What architect designed Notre Dame? ›

What is the oldest building in the University of Virginia? ›

The Rotunda is a building located on The Lawn on the original grounds of the University of Virginia. Thomas Jefferson designed it to represent the "authority of nature and power of reason" and modeled it after the Pantheon in Rome. Construction began in 1822 and was completed shortly after Jefferson's death in 1826.

What architectural style is Harvard? ›

Harvard University | Cambridge, MA

Harvard Hall is a brick, granite, and brownstone classroom building situated at the edge of Harvard Yard and Harvard Square, designed in the High Georgian style by Governor Francis Bernard and built by Thomas Dawes between 1764-1766.

What was Thomas Jefferson's major contribution to American architecture? ›

The design and construction of the University of Virginia, in his retirement, would be Jefferson's greatest architectural triumph. With it, he not only established neo-classicism as an American building form, but he also created the first true American institution of higher learning.

What famous architect influenced Jefferson? ›

Andrea Palladio's books had a profound influence on Jefferson's architecture; he referred to the Italian architect's classical designs as his "architectural bible." Palladian theory informed Jefferson's designs for Monticello and the University of Virginia Campus.

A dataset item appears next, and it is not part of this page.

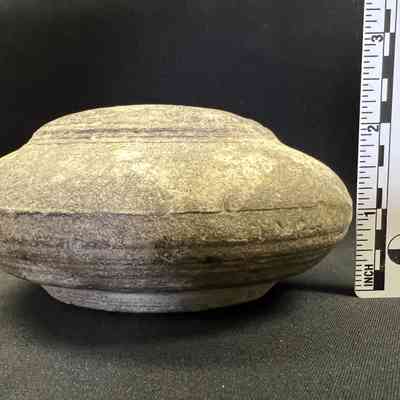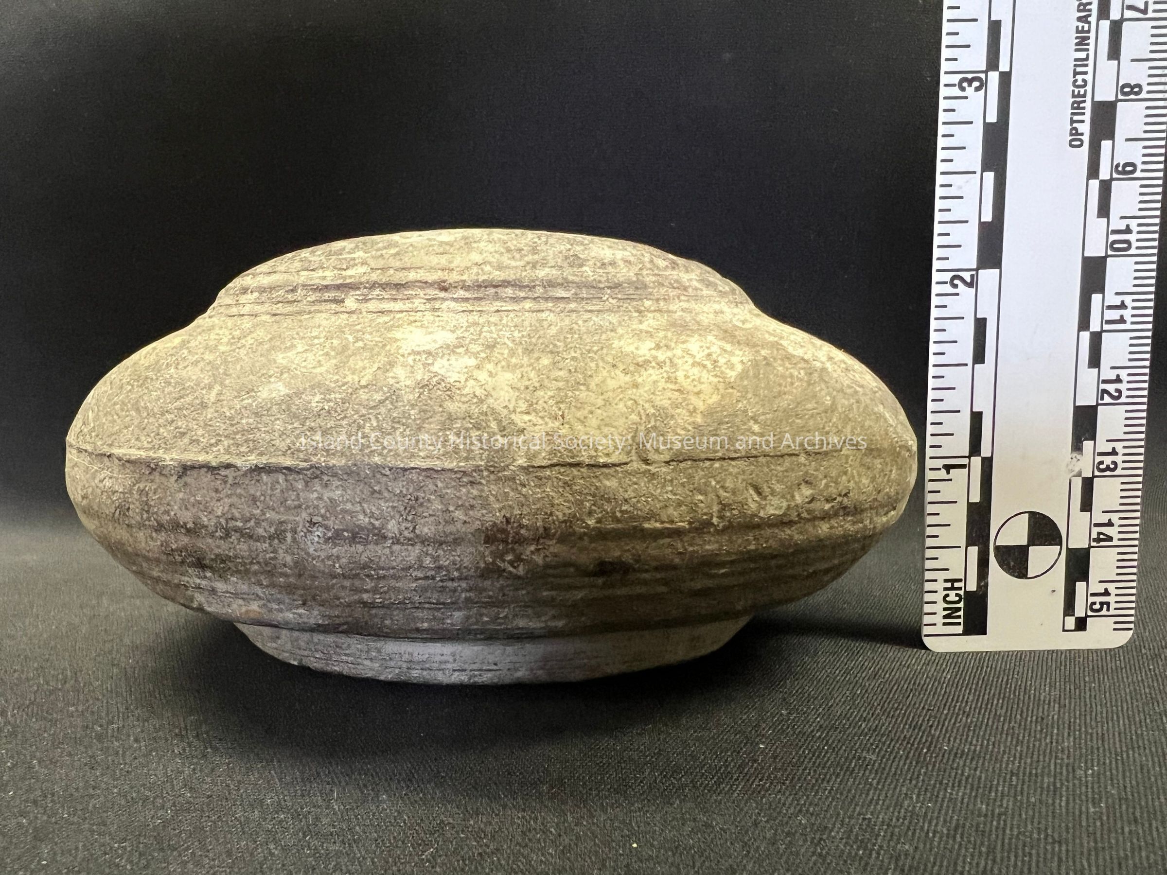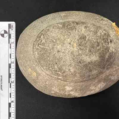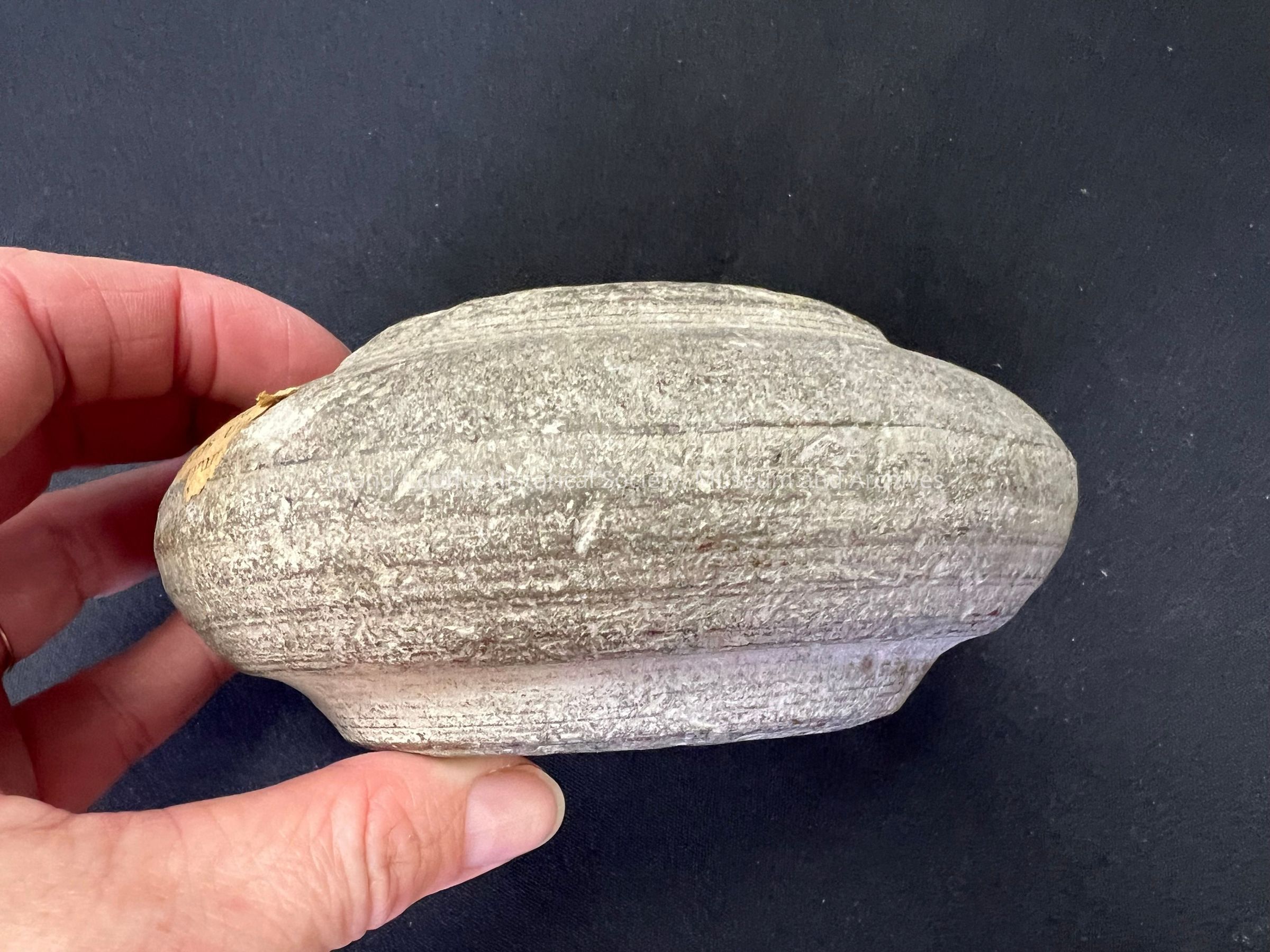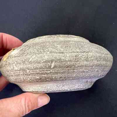 Natural mudstone concretion. Could have been used as a tool, but shows no sign of wear. Very common on the Olympic Peninsula and Whidbey Island. A small piece of old newspaper stuck to the concretion.Collection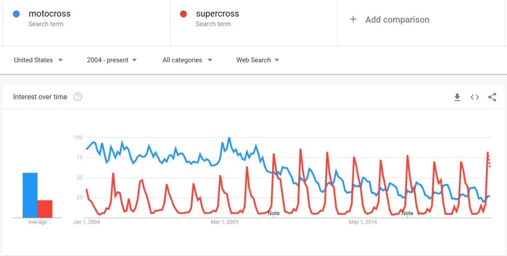This graph clearly shows the seasonal spikes of the Supercross search phrase. Year after year, every January, Supercross search activity rockets and slowly fades during the racing season and lies practically dormant during summers months. One surprising aspect of Motocross is the fact that the search phrase actually surged during the start of the recession and has fallen since. It also shows a seasonal uptick during summer months. While the search phrase Supercross appears on this graph to be more popular, you see by the average, represented by the bars on the left side of the graph, shows motocross has considerably higher overall search activity.

How was the idea of a campus introduced by Jefferson at UVA? ›

Fire and disease posed significant threats to a university housed in a single edifice. To minimize such risks, Jefferson proposed a so-called village consisting of individual buildings that served both as classrooms and faculty housing, connected by a continuous covered walkway that opened onto student rooms.

What architecture style is the University of Virginia? ›

Jefferson's design of the University of Virginia relied heavily on classical tradition and precedent. Inspired by the work of Palladio, this University expresses a clear, bold geometry. Much of his building inspiration came from ancient Rome; e.g., the diameter of the Rotunda is half of the diameter of the Pantheon.

Did Jefferson's decision influence later American architecture? ›

Legacy. Thomas Jefferson helped establish an American architectural image based on Greek and Roman designs. He was not alone—certainly other designers, such as Charles Bulfinch, in Boston, and Benjamin Henry Latrobe assisted—but in many ways he was the most important.

What was the most significant reason why Thomas Jefferson supported public education and the creation of the University of Virginia? ›

Thomas Jefferson believed only educated citizens could make the American experiment in self-government succeed. He proposed a system of broad, free, public education that was radical in his day and his founding of the University of Virginia partially achieved his larger goals.

Is UVA a good school for architecture? ›

The graduate landscape architecture program is ranked third in master's programs at public universities and fifth overall.

Is University of Virginia prestigious? ›

In fact, the high University of Virginia rankings indicate UVA's prestige. UVA is also considered one of the “public ivies.” This means that it has near-Ivy League quality academics without the high Ivy League price tag (particularly for in-state students).

What style of architecture did Jefferson use for Monticello? ›

From the bottom of the building to its top, Monticello is a striking example of French Neoclassical architecture in the United States. Jefferson changed political parties and was a Democratic-Republican by the time he was elected president.